### TASK PROMPT
Only the lines running from the line with "Figure 8. Existing" to the end of the listing below should be copied, exactly, without pictures.

### EXTRACTED DATA
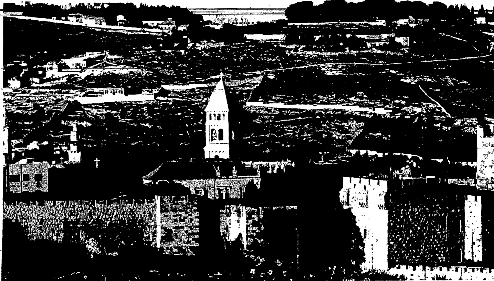
Shadows of sunset creep up the ancient walls of Jerusalem, July 1, first Sabbath barriers of twenty years came down between Arab and Jewish sections of city. Throngs of Israelis leave through Jaffa Gate after visiting "wailing wall" at site where Solomon's Temple once stood. Minarets of mosques and church towers indicate city is also sacred to Christians and Moslems. Mount of Olives rises in background.
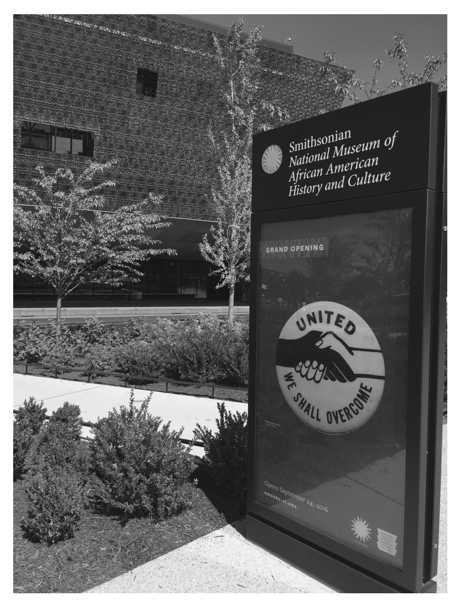
Figure 1.4 National Museum of African American History and Culture, Washington, DC.

build new black museums in states such as Florida, Georgia, and California (Harris 2018; McMorris 2018; Prabhu 2018).
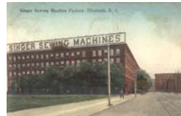
Singer Sewing Machine Factory in Elizabeth Post mark 1909
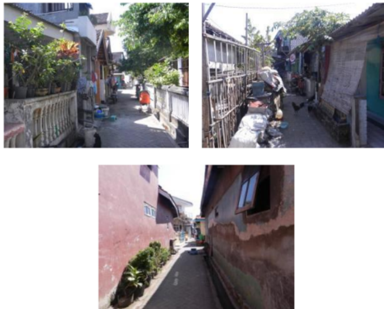
Figure 8. Existing Pathways in Kampung Kejawan Lor
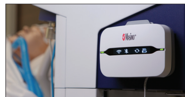
Versatile mounting options
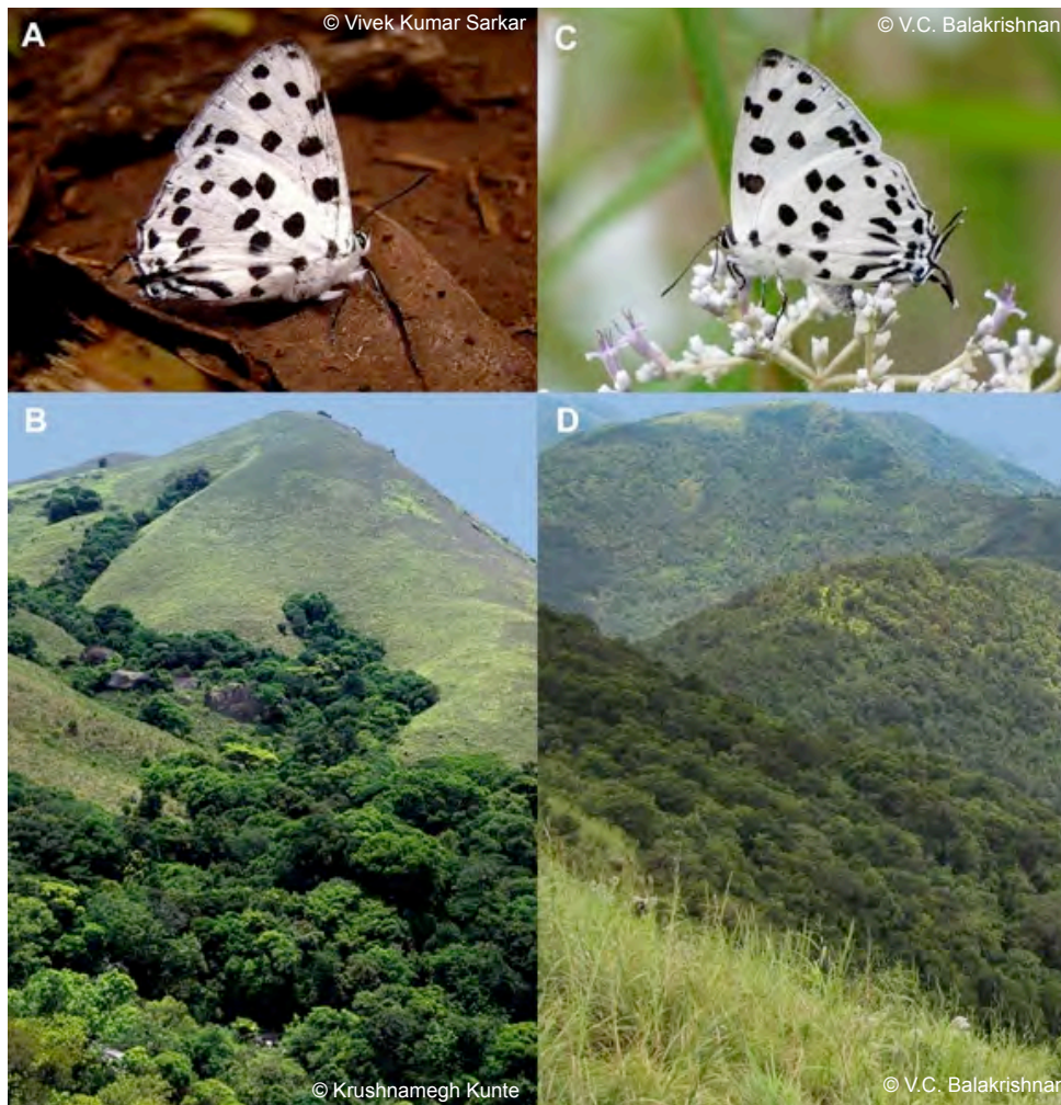
Image 2. Tajuria maculata in the Western Ghats. A - 19.xi.2009, mudpuddling, in the Brahmagiri Wildlife Sanctuary; B - Habitat at the Brahmagiri, on way to Narimalai Guest House; C - 02.x.2010, feeding from flowers of Knoxia sumatrensis at Kottathalachimala; D - Habitat at Kottathalachimala

(Image 2A) from 1100 to 1130 hr near the Iruppu Falls, a popular tourist destination (approximately 300–500 m, 11°57.8'N & 75°58.5E). The other three were seen feeding on white flowers of an unidentified straggling vine in a shola forest patch near the Narimalai Guest House, at 1,300m. These individuals were feeding well above the ground, constantly chasing each other, and could not be photographed.

### REPLY TO THE TASK
Figure 8. Existing Pathways in Kampung Kejawan Lor
Versatile mounting options
Image 2. Tajuria maculata in the Western Ghats. A - 19.xi.2009, mudpuddling, in the Brahmagiri Wildlife Sanctuary; B - Habitat at the Brahmagiri, on way to Narimalai Guest House; C - 02.x.2010, feeding from flowers of Knoxia sumatrensis at Kottathalachimala; D - Habitat at Kottathalachimala

(Image 2A) from 1100 to 1130 hr near the Iruppu Falls, a popular tourist destination (approximately 300–500 m, 11°57.8'N & 75°58.5E). The other three were seen feeding on white flowers of an unidentified straggling vine in a shola forest patch near the Narimalai Guest House, at 1,300m. These individuals were feeding well above the ground, constantly chasing each other, and could not be photographed.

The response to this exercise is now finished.